В гостинице «Норфолк» на Стрэнде мы заказали кофий, и мадемуазель Буиссон откинула назад капюшон плаща и сняла припорошенную снегом шляпку.

— Полагаю, нам нет нужды продолжать притворяться, — сказал я. — Ваша подруга наверняка поведала вам о последних событиях.

— Она мне больше не подруга, — ответила мадемуазель, встряхивая белокурыми кудряшками. — Я считаю мисс Картерет… ну, я даже не хочу говорить, кем я ее считаю. Прежде мы были ближайшими подругами, знаете ли, но теперь я ненавижу ее за то, как она поступила с вами. — Она посмотрела на меня спокойным и значительным взглядом. — На первых порах это было просто забавной игрой, и я с удовольствием помогала мисс Картерет, хотя она, конечно, многое скрывала от меня.
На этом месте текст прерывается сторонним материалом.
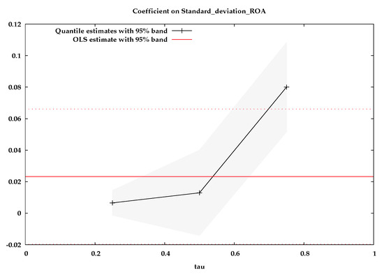 The first relationship concerns the relationship between the standard deviation of rates of return and the standard deviation for the ROA ratio. The estimation results are presented in Table 8. If the OLS estimates are statistically insignificant, the results of quantile regression indicate the statistical significance of the tested relationship for the quantile 0.25 and 0.75. The results indicate that, at the 25, 50, and 75 percentile, a one-unit increase in standard deviation for ROA ratio results in 0.0066, 0.0129, and 0.0800 percentage point increase in the standard deviation of returns, respectively. Taking into account the assessment of all values of the regression coefficient, the conclusion is that the magnitude of impact that ROA ratio on the dispersion of returns increases as a companies’ standard deviation moves from the 25% quantile to those in the 75% quantile.
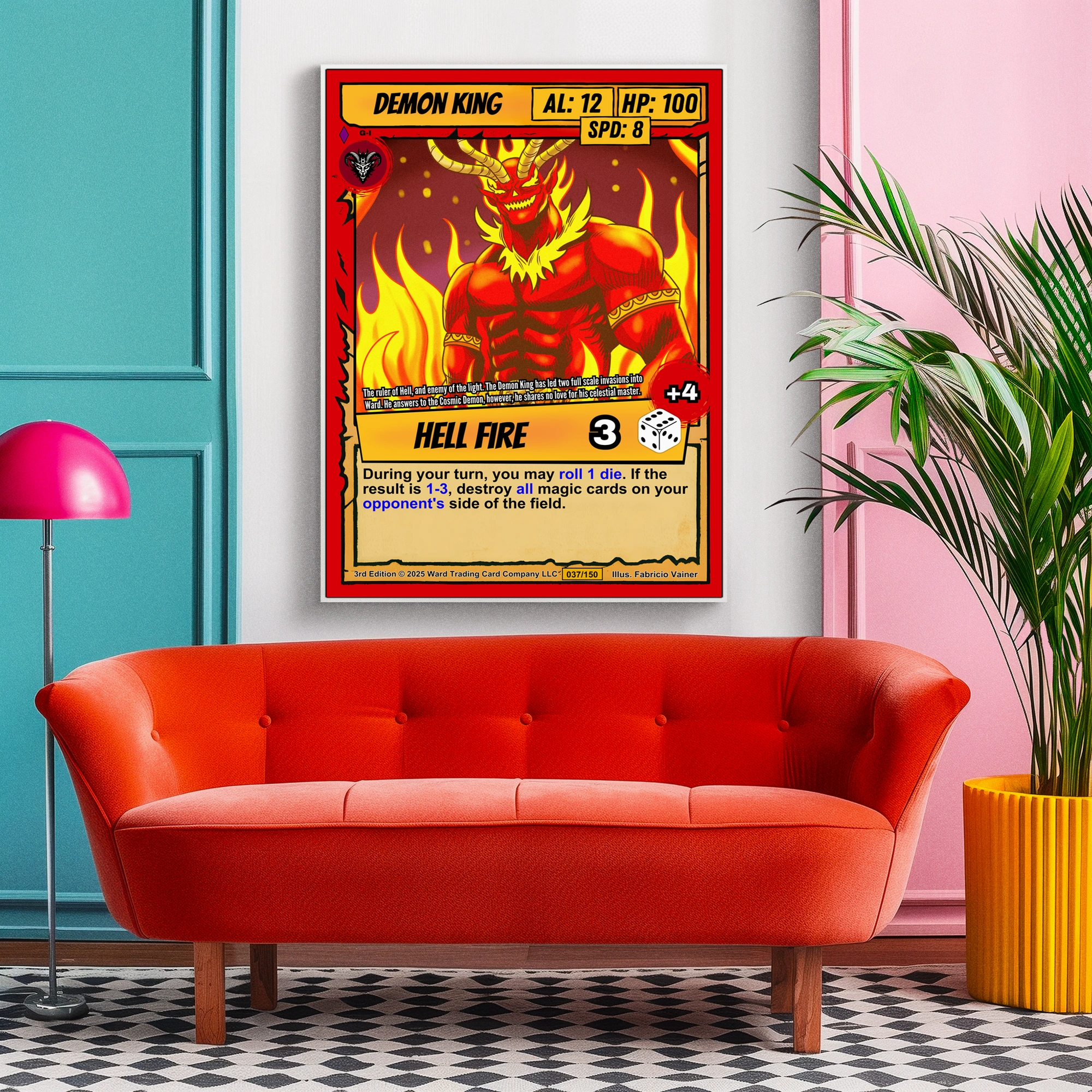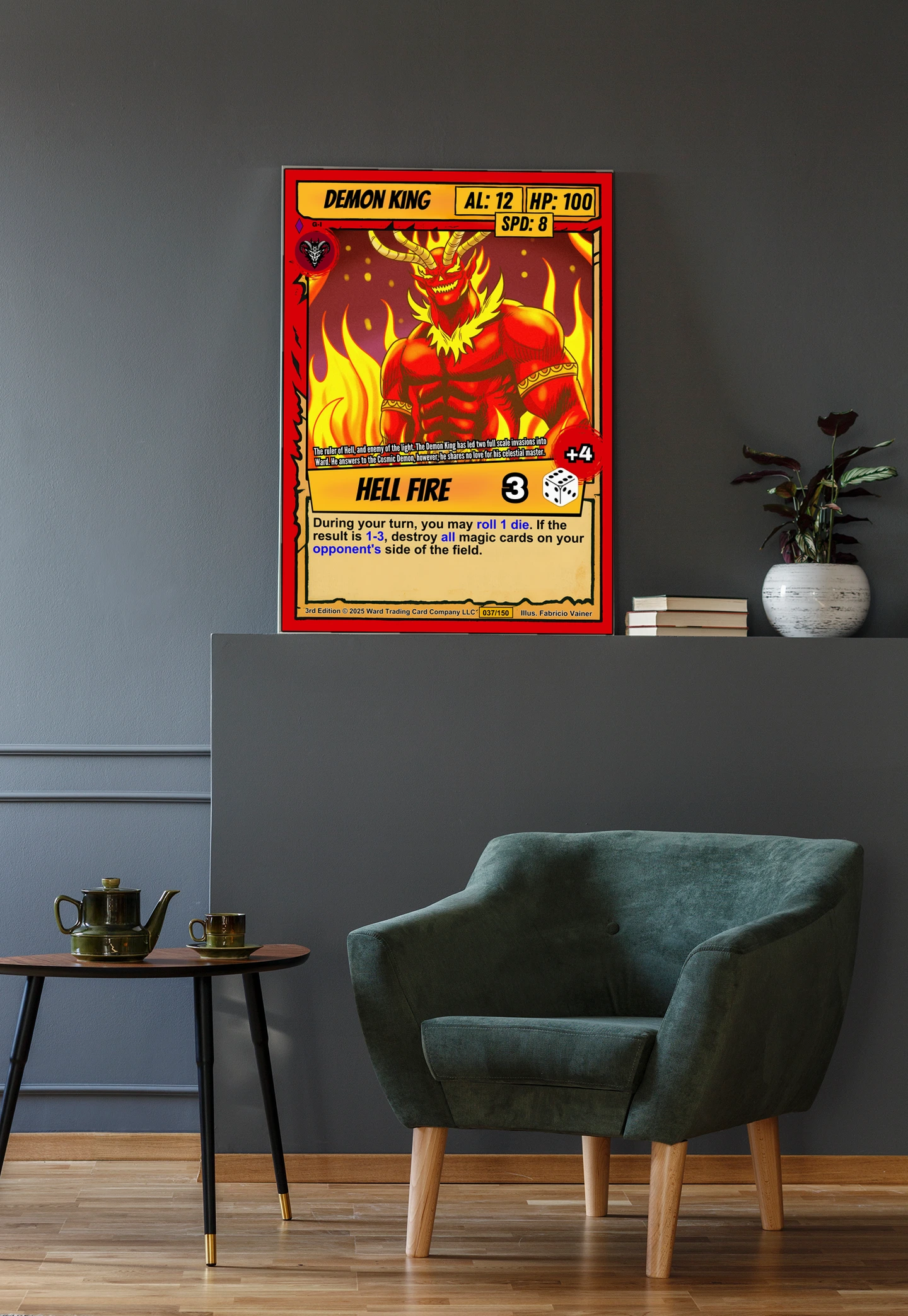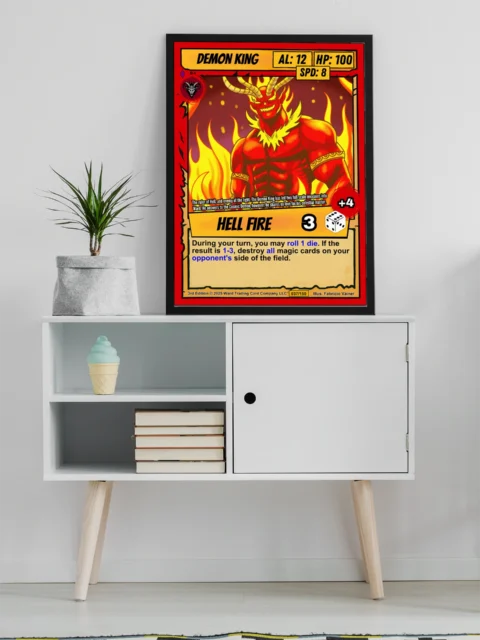 This piece anchors a Ward TCG collection wall or game room display. Indeed, the fiery palette and menacing expression command attention in dedicated hobby spaces.
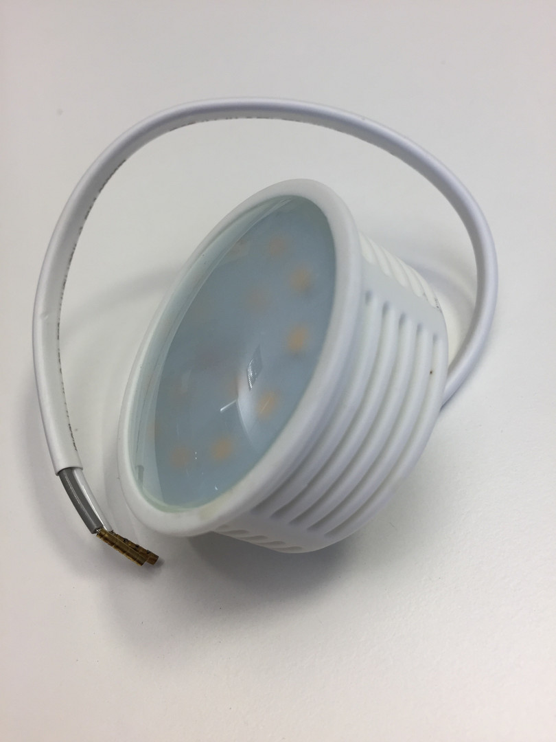 Dimmbare LED FLAT Modul 5W/230V in Keramik als Ersatz für GU10 Leuchtmittel, Farbe warmweiß. Zum Einbau in Deckeneinbaustrahler extra flach (Höhe nur 20mm), nicht austauschbare LED, Abmessungen: 50x23mm (Gehäuse: 50x20mm)
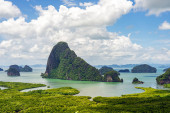 Zdjęcie "Piękny widok Samet Nangshe nad zatoką Phnag-nga malownicze, z lasów namorzynowych i gór w Andaman morza, w pobliżu Phuket, Tajlandia" może być wykorzystywane do celów osobistych i komercyjnych zgodnie z warunkami zakupionej licencji Royalty-free. Obraz jest dostępny do pobrania w jakości wysokiej rozdzielczości do 5760x3840.
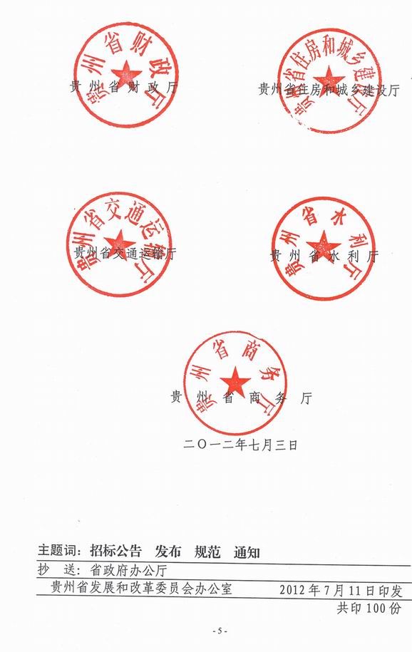关于《印发贵州省国有资金投资工程建设项目施工招标简易程序规定(试行)》的通知

Но когда я начала понимать, что вы действительно влюблены в нее, я сказала, что этому следует положить конец, но она меня не послушалась. А когда мистер Даунт приехал к нам в Париж…

— В Париж?

— Да. Мне очень жаль.

— Не имеет значения. Продолжайте, прошу вас.

— Когда мистер Даунт приехал к нам, я начала страшно переживать за вас, зная, что вы постоянно думаете о ней и верите, что она тоже думает о вас. Жестокое письмо, которое она заставила меня написать вам, стало последней каплей. Я пыталась предупредить вас, верно ведь? Но полагаю, к тому времени было уже слишком поздно.

— Я благодарен вам за ваше доброе отношение ко мне, мадемуазель. Но я думаю, мисс Картерет ничего не могла с собой поделать. Я ни в коей мере не защищаю ее и никогда не смогу простить ей обман, но я понимаю, что заставило ее так обойтись со мной.

— Неужели?

— Да. Мисс Картерет двигал самый сильный и убедительный мотив из всех мыслимых — любовь. О да, я прекрасно ее понимаю.

— В таком случае я считаю вас в высшей степени великодушным человеком. И вы не хотите наказать ее?

— Нисколько. Разве могу я винить мисс Картерет в том, что она в рабстве у любви? Любовь всех нас делает рабами.

— Значит, вы никого не вините произошедшем с вами, мистер Глэпторн?